At last, the final piece of Playerunknown's Battlegrounds lore will fall into place when a 'Training Mode' map is added next month. Along with the oft-requested shooting range to test out weapons and figure out how the heck this whole 'ballistics' thing works, across four square kilometres it'll include shooting target courses, a spot to practice parachute drops, places to clamber around, tracks to race on, and at least one wikkid sikk loop-de-loop. 5-20 players will be able to train together, and it all looks pretty neat. And the lore? This is clearly the stag & hen outdoor activity centre which sparks a fatal misunderstanding.
The training facility will include a kilometre-long shooting shooting range, a number of moving and static targets around the place, interesting objects to clamber up, targets to whack, race tracks and courses for vehicles (with jumps), water for playing with boats (hell yes including jumps), and an area to practice parachuting. And, obvs, tables covered in guns and ammo and weapon attachments and knives and pans and grenades and Molotov cocktails and all that.

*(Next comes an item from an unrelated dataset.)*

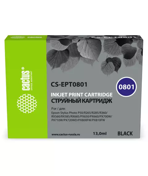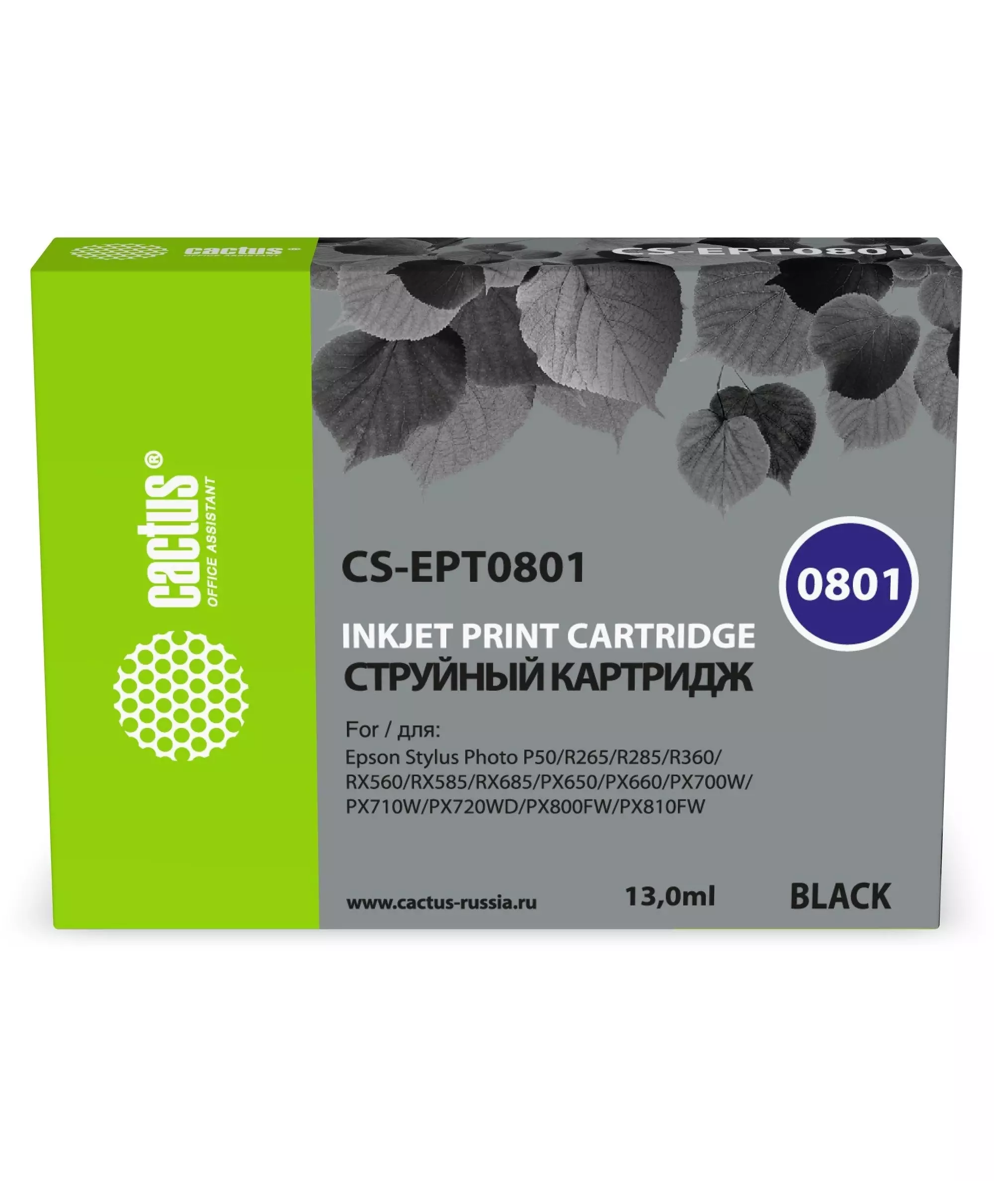 Картридж струйный Cactus CS-EPT0801 черный (13.0мл) для Epson Stylus PhotoP50/PX650/PX660/PX700/PX700W/ PX710/PX710W/PX720/PX720WD/PX800/ PX800FW/PX810/PX810FW/PX820/PX820FWD/ R265/R285/R360/RX560/RX585/RX685 с чипом

"Training Mode was designed from the very beginning to have a living map - with room to introduce new areas as well as ideas players want to see implemented in the future," Dave Osei, senior designer at the PUBG Madison team behind this, said in today's announcement.
"We wanted to go beyond what players were asking for, so we didn’t want the map to be just a shooting range, but an open, living map where players can test a variety of skills to their heart's content."
And the lore? We all know that we play as revellers on exotic stag & hen weekends, who come to play hard, drink hard, go hard with the other bloody legends at the hotel, and live their last free days on this Earth to the fullest. So how do they end up murdering each other to pieces? Because, we now know, the night before they were having a whale of a time down a stag & hen activity centre with races, parachuting, and Airsoft guns. With shots as prizes (and forfeits) for each of the challenges and a pub crawl to follow, they end up drunk as hell, raise hell, black out, then wake up still hammered on a plane.
Not knowing they were in the process of being deported for the previous night's debauchery, their bleary brains assume they're about to parachute back into the outdoor activity centre. Everyone bail out for another day's shootfun, lads, and the last one standing wins a four-piece chicken & chips down Stepney Fried Chicken.
With the lore now complete, a movie can't be far behind.